EXERCISE BRIEF
Write out the listing below in full and exactly, leaving out every picture.

DATA SEGMENT
'''
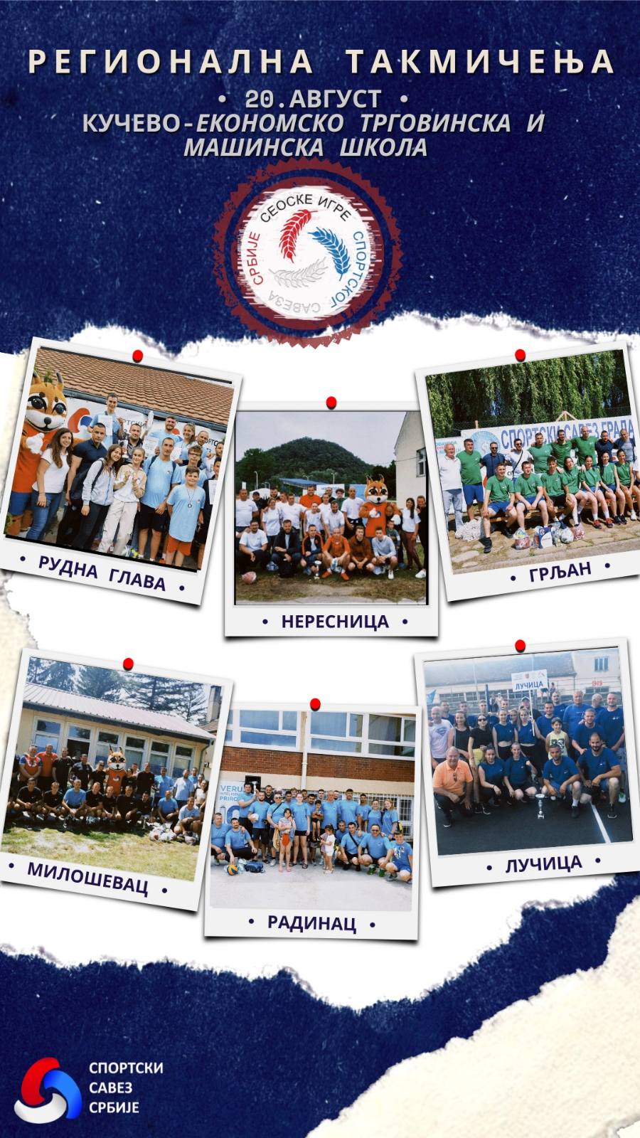 Регионално такмичење Сеоских игара Спортског савеза Србије на програму је у суботу 20. августа у Кучеву. Зајечар ће на овој престижној рекреативној манифестацији представљати четвороструки шампион Грљан, а поред највећег зајечарског села, на такмичењу у Браничевском округу учествоваће домаћа Нересница као шампион Кучева, Рудна Глава – Мајданпек, Милошевац – Велика Плана, Радинац – Смедерево и Лучица – Пожаревац.
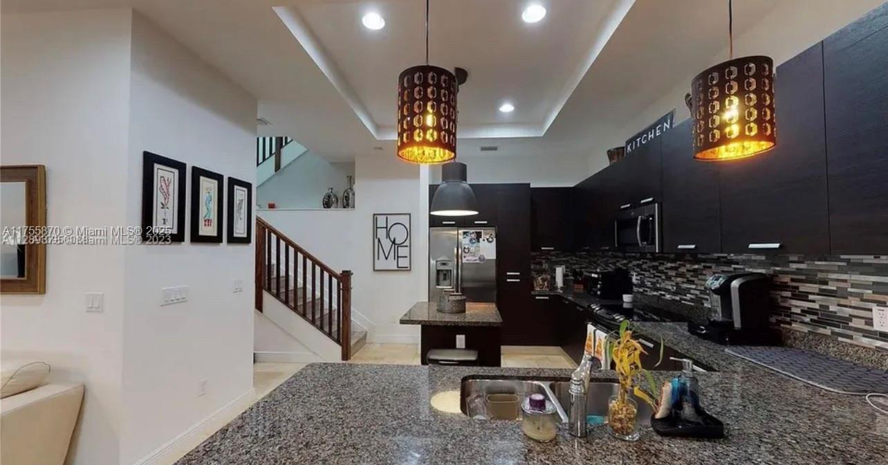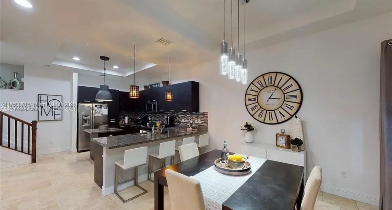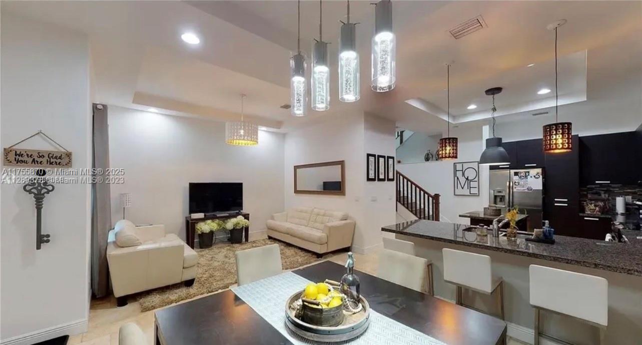Luxurious and beautiful 3 Story Townhome has four bedrooms, three and a half baths, and a 2-car garage. 4/3/1. Three bedrooms on the second floor, one bedroom on the top, and a third-floor private bathroom with a large living room that you can easily convert into a 4th Bedroom or a Penthouse Guest room or office! Rooftop terrace with outdoor built-in grill (BBQ). The first floor has an amazing open kitchen with upgrades, European cabinets, top-of-the-line stainless steel appliances, and high ceilings. Enjoy the views from the open balcony. Conveniently located within walking distance of Downtown Doral restaurants, Shops, schools, Miami International Airport, and more. It won't last; it's the best price in the market!!
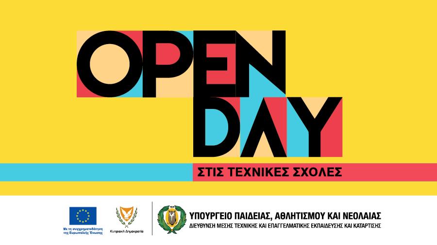 Η ενημερωτική ημερίδα «OPEN DAY» θα διεξαχθεί το Σάββατο, 4 Φεβρουαρίου 2023, ταυτόχρονα, σε πέντε τοποθεσίες. Συγκεκριμένα, τις πύλες τους θα ανοίξουν για το ευρύ κοινό η A΄ Τεχνική και Επαγγελματική Σχολή Εκπαίδευσης και Κατάρτισης Λευκωσίας, η B΄ Τεχνική και Επαγγελματική Σχολή Εκπαίδευσης και Κατάρτισης Λευκωσίας, η Τεχνική και Επαγγελματική Σχολή Εκπαίδευσης και Κατάρτισης Μακάριος Γ΄ Λευκωσίας, η Περιφερειακή Γεωργική, Τεχνική και Επαγγελματική Σχολή Εκπαίδευσης και Κατάρτισης Αυγόρου/Αμμοχώστου και η Τεχνική και Επαγγελματική Σχολή Εκπαίδευσης και Κατάρτισης Πάφου.
'''
TASK RESPONSE
 Регионално такмичење Сеоских игара Спортског савеза Србије на програму је у суботу 20. августа у Кучеву. Зајечар ће на овој престижној рекреативној манифестацији представљати четвороструки шампион Грљан, а поред највећег зајечарског села, на такмичењу у Браничевском округу учествоваће домаћа Нересница као шампион Кучева, Рудна Глава – Мајданпек, Милошевац – Велика Плана, Радинац – Смедерево и Лучица – Пожаревац.
Luxurious and beautiful 3 Story Townhome has four bedrooms, three and a half baths, and a 2-car garage. 4/3/1. Three bedrooms on the second floor, one bedroom on the top, and a third-floor private bathroom with a large living room that you can easily convert into a 4th Bedroom or a Penthouse Guest room or office! Rooftop terrace with outdoor built-in grill (BBQ). The first floor has an amazing open kitchen with upgrades, European cabinets, top-of-the-line stainless steel appliances, and high ceilings. Enjoy the views from the open balcony. Conveniently located within walking distance of Downtown Doral restaurants, Shops, schools, Miami International Airport, and more. It won't last; it's the best price in the market!!
 Η ενημερωτική ημερίδα «OPEN DAY» θα διεξαχθεί το Σάββατο, 4 Φεβρουαρίου 2023, ταυτόχρονα, σε πέντε τοποθεσίες. Συγκεκριμένα, τις πύλες τους θα ανοίξουν για το ευρύ κοινό η A΄ Τεχνική και Επαγγελματική Σχολή Εκπαίδευσης και Κατάρτισης Λευκωσίας, η B΄ Τεχνική και Επαγγελματική Σχολή Εκπαίδευσης και Κατάρτισης Λευκωσίας, η Τεχνική και Επαγγελματική Σχολή Εκπαίδευσης και Κατάρτισης Μακάριος Γ΄ Λευκωσίας, η Περιφερειακή Γεωργική, Τεχνική και Επαγγελματική Σχολή Εκπαίδευσης και Κατάρτισης Αυγόρου/Αμμοχώστου και η Τεχνική και Επαγγελματική Σχολή Εκπαίδευσης και Κατάρτισης Πάφου.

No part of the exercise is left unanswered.